I nod, dreading what I know I need to do, guilt sticking in my throat. Will may be kind of obnoxious, but he deserves better than this.
“You could have called me the next day to see how it went.”
“Sorry,” I mumble. There are no good excuses for ignoring him the way I have been. “I should have called.”
“You’re not exactly in the running for girlfriend of the year,” Will continues.
“Then break up with me,” I hear myself say.
Silence. I press my spine against the mahogany wall, letting out an involuntary puff of air through my nostrils.
The curtain rings scrape against their rod as Will leaves the confessional. He pulls back my curtain and stands in front of me, a wounded look clouding his broad face. “Seriously?”
“I—I don’t know. It just doesn’t seem—” I fumble, letting the sentence hang.
He turns away and looks at the huge fresco painted beneath the east-facing windows of the cathedral. I follow his gaze until I see it, the image of Judas betraying Jesus, his evil kiss on Jesus’s cheek. I turn away, but the kiss of the betrayer is imprinted on my vision.
“I had other options, you know,” he says, shrugging. “But I chose you. That should count for something.”
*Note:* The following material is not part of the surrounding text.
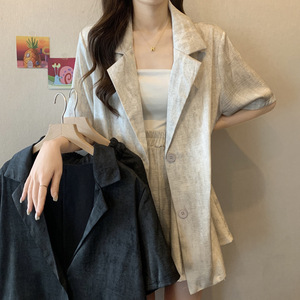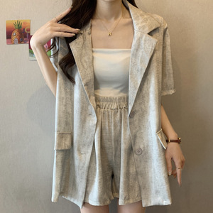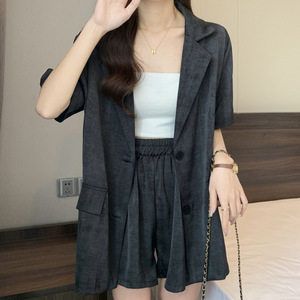 短袖西装套装女大码胖mm夏季时尚感减龄气质轻熟风西服短裤两件套

“I should be grateful, you mean, because a popular guy like you is interested in a loser like me,” I whisper, blood suddenly roaring in my ears. I force myself out of the booth.
“All I’m saying is you should think about what you want in life,” Will says calmly, his eyes dead and bored-looking. He sighs loudly. “I’m a patient guy. I’ll wait for you to realize what’s in your best interests. Until then, you might want to be more careful about where you go dancing.”
My mouth falls open, but no words come out. “What do you mean?” I finally manage.